Nguyen points to the cliché that writers do some of their best work in coffee shops, seeing other people working around them. While she personally prefers to compose in solitude while gazing out the window—not unlike the way Moniz gazed down from her Florida balcony—she is inspired by the sense of her colleagues all working in their spaces at the same time she is. And it also inspires her students.
“It elevates everyone else, so we all feel like we’re in this together, we’re all going to do something,” she says. “We’re at different tables and different spaces in different houses, but we’re all working toward something.”
Having pumped up the poetry offerings, the next planned frontier for the program is to bolster its creative nonfiction offerings. The genre, which includes everything from social media to blockbusters like Patrick Radden Keefe’s Empire of Pain, is among the fastest growing in literature, including at UW. In a nod to the Wisconsin Idea, Nguyen also plans to spearhead greater collaboration between the Creative Writing Program and other parts of campus, focusing on topics such as environment, ecology, science and medicine.

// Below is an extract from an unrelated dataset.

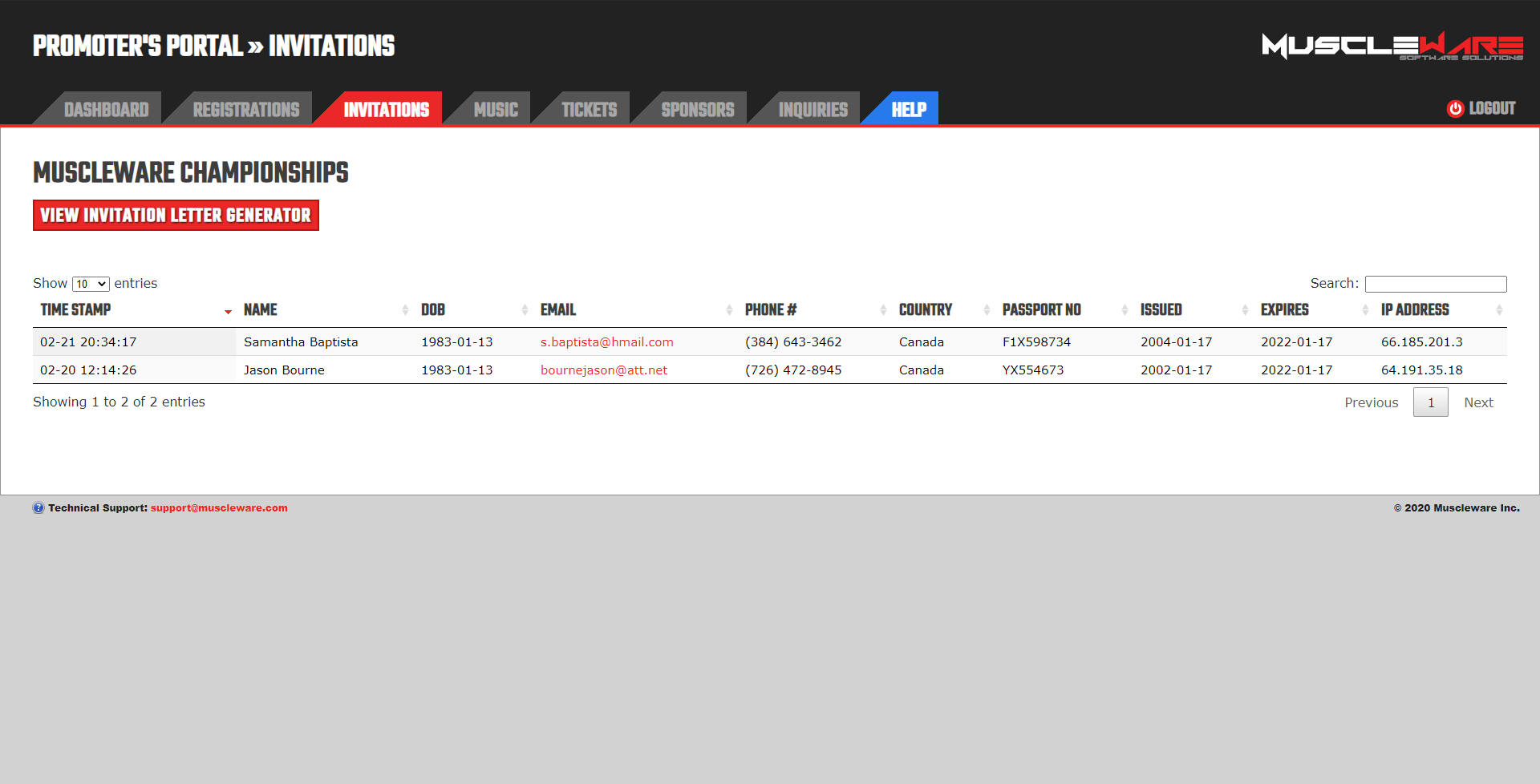 Rather than creating invitation letters manually, taking time and attention away from other things, Promoters can enable Muscleware's automatically generated international Athlete invitation letters module. With this feature, Athletes can fill out a Muscleware form that instantly generates a professional printable letter for the Athlete, customized with your event details, logo and even your signature.

“I feel like we’re in a really golden period of creative writing,” says Nguyen. “And everything seems possible.”
Nguyen, whose family emigrated to the United States in the wake of the Vietnam War, is on the cusp of releasing her latest book, Owner of a Lonely Heart, a collection of essays about refugee identity.
Poetry in Motion
The Creative Writing Program has given its poetry offerings a huge shot in the arm, hiring four new faculty members: Assistant Professor of English Nate Marshall, whose poetry collection Finna was recognized as one of the best books of 2020 by National Public Radio, and Professor of English Erika Meitner, a multiple award–winning poet who is directing the Master of Fine Arts Program, began teaching last fall. Assistant Professor Paul Tran, who recently published a collection of poems called All the Flowers Kneeling, and teaching faculty member Alison C. Rollins, a former National Endowment Literature Fellow, begin teaching in Fall 2023.